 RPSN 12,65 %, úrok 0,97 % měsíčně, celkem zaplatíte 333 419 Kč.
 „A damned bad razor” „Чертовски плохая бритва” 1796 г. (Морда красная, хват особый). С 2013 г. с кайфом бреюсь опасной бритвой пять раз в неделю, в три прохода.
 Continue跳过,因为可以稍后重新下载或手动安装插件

——

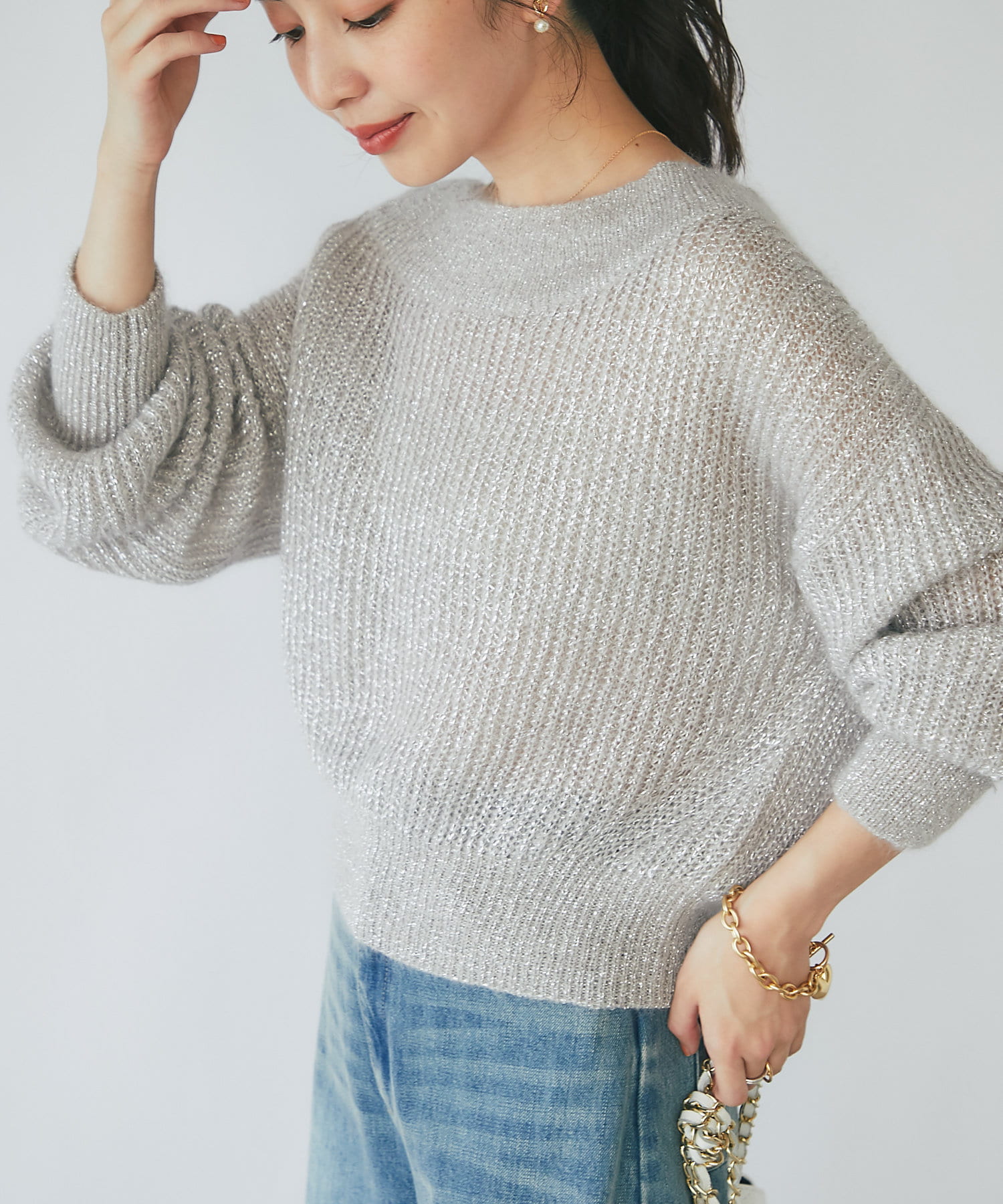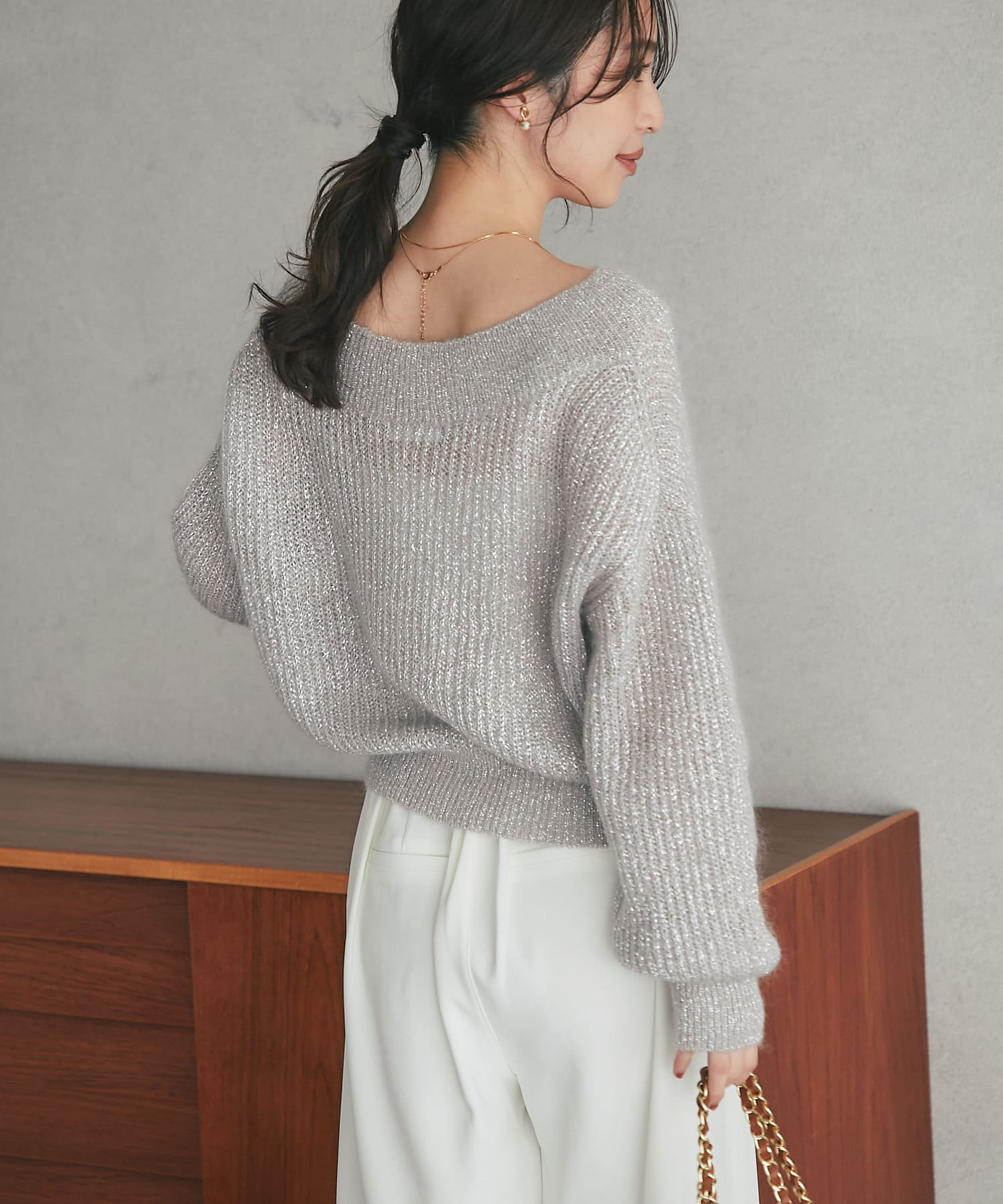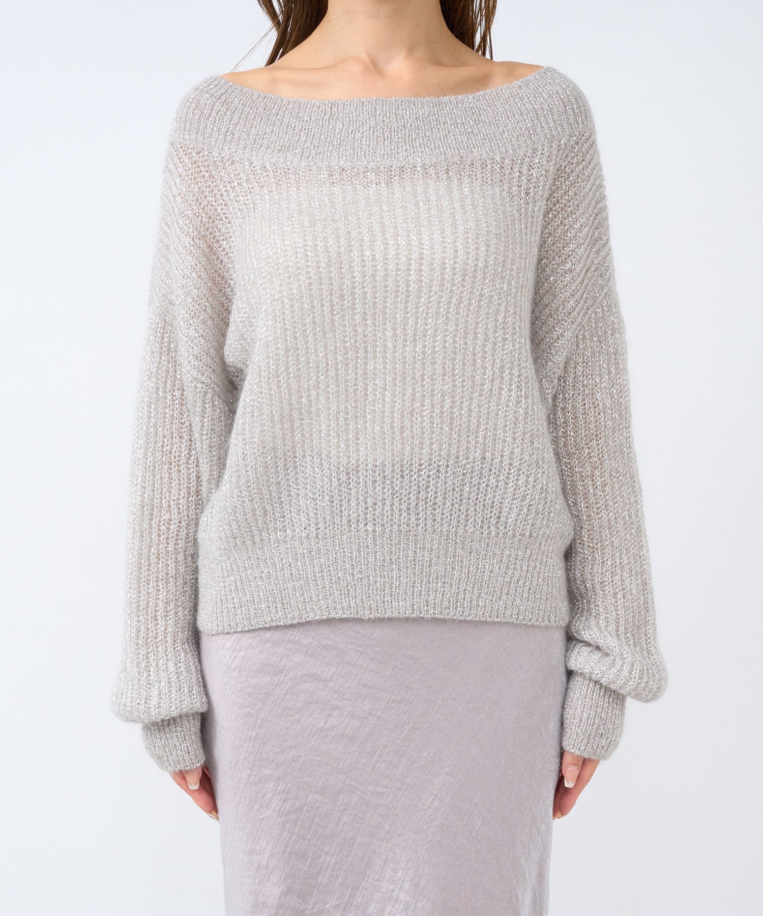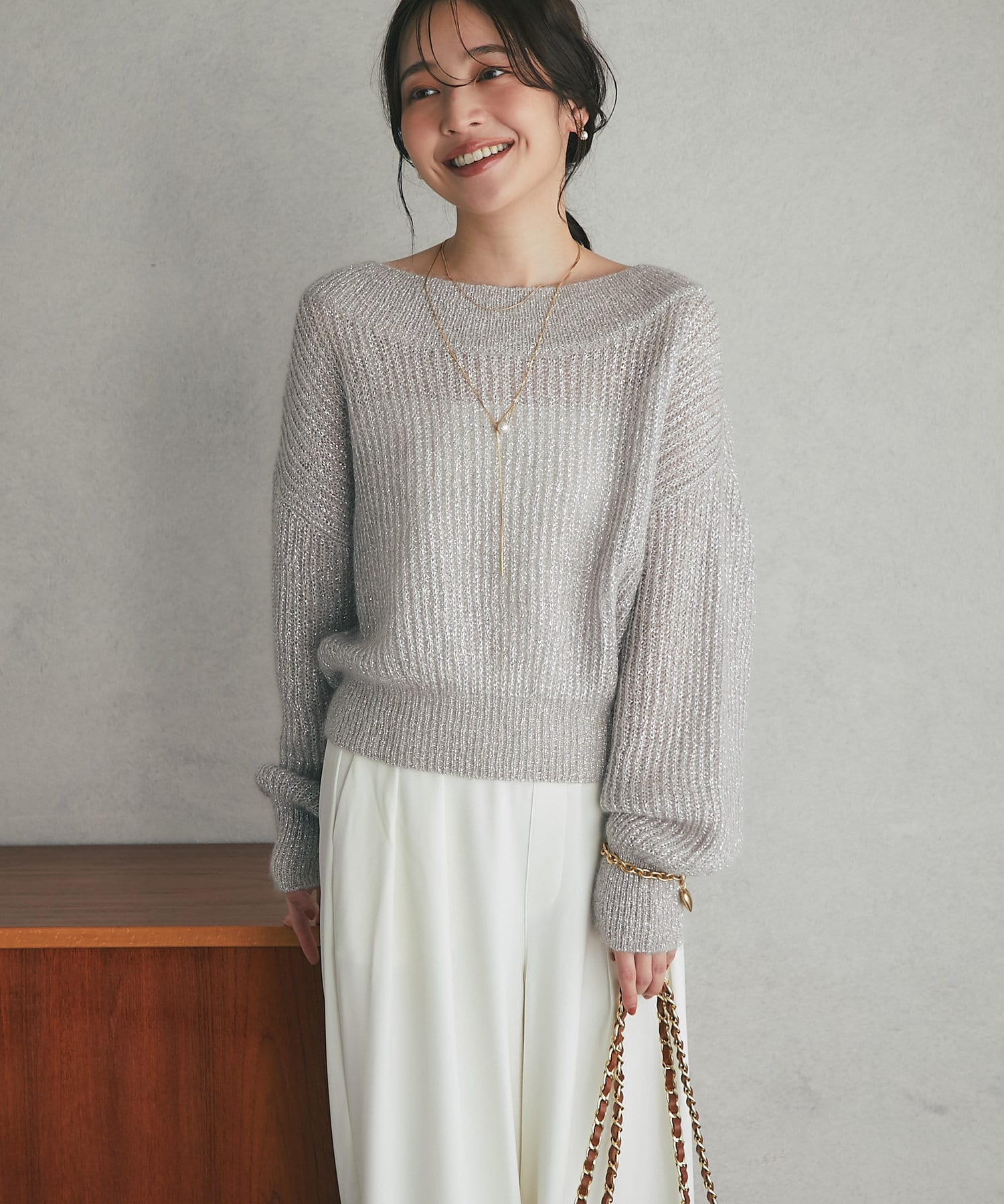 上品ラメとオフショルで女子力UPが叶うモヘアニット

——

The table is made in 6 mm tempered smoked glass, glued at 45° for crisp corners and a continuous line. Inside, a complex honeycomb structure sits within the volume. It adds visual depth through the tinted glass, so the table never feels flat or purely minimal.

——

> **Exercise aim**: Your task is to retype the entries verbatim, starting with the line that holds "RPSN 12,65 %, úrok" and stopping after the line that holds "Continue跳过,因为可以稍后重新下载或手动安装插件".

> **Task output**:
 RPSN 12,65 %, úrok 0,97 % měsíčně, celkem zaplatíte 333 419 Kč.
 „A damned bad razor” „Чертовски плохая бритва” 1796 г. (Морда красная, хват особый). С 2013 г. с кайфом бреюсь опасной бритвой пять раз в неделю, в три прохода.
 Continue跳过,因为可以稍后重新下载或手动安装插件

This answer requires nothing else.